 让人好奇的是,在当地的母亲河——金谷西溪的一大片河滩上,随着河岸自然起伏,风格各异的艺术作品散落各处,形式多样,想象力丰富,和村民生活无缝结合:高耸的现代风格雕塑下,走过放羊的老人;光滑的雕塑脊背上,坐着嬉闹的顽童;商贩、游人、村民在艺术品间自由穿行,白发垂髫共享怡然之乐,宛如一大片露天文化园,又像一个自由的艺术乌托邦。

--

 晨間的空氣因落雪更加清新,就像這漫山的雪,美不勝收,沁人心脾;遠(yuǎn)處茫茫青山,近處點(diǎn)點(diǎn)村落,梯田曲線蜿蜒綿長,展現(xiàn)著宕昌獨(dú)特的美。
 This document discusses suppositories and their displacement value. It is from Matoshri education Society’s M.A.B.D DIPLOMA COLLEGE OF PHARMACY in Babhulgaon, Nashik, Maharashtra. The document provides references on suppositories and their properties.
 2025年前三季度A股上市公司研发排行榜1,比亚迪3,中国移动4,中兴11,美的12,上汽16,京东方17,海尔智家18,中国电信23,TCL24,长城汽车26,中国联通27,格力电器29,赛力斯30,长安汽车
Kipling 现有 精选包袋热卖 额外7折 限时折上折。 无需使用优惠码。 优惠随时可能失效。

--

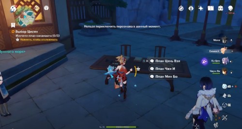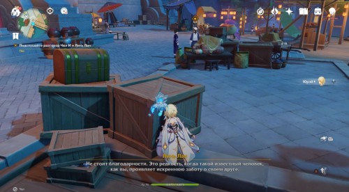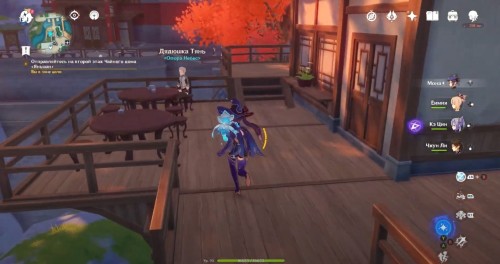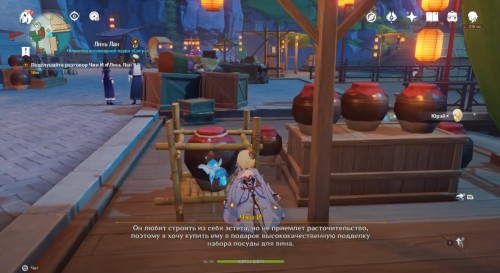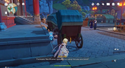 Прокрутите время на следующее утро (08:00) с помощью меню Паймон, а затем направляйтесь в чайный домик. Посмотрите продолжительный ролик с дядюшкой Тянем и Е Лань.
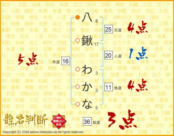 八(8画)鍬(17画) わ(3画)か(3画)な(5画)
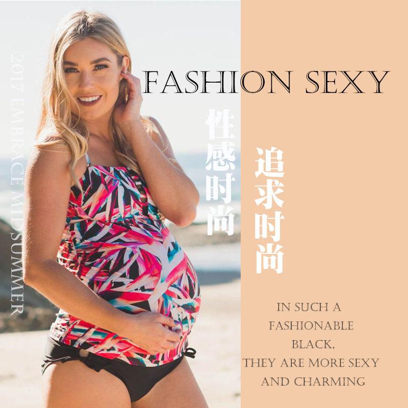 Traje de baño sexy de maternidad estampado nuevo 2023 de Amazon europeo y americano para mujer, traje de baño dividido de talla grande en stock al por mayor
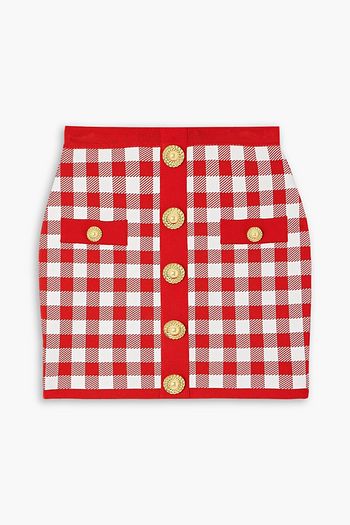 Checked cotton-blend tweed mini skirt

» What the exercise asks:
Restate word for word only the lines above from the line containing "2025年前三季度A股上市公" to the line containing "Kipling 现有 精选包袋热卖", both of them included.

» Result for this task:
 2025年前三季度A股上市公司研发排行榜1,比亚迪3,中国移动4,中兴11,美的12,上汽16,京东方17,海尔智家18,中国电信23,TCL24,长城汽车26,中国联通27,格力电器29,赛力斯30,长安汽车
Kipling 现有 精选包袋热卖 额外7折 限时折上折。 无需使用优惠码。 优惠随时可能失效。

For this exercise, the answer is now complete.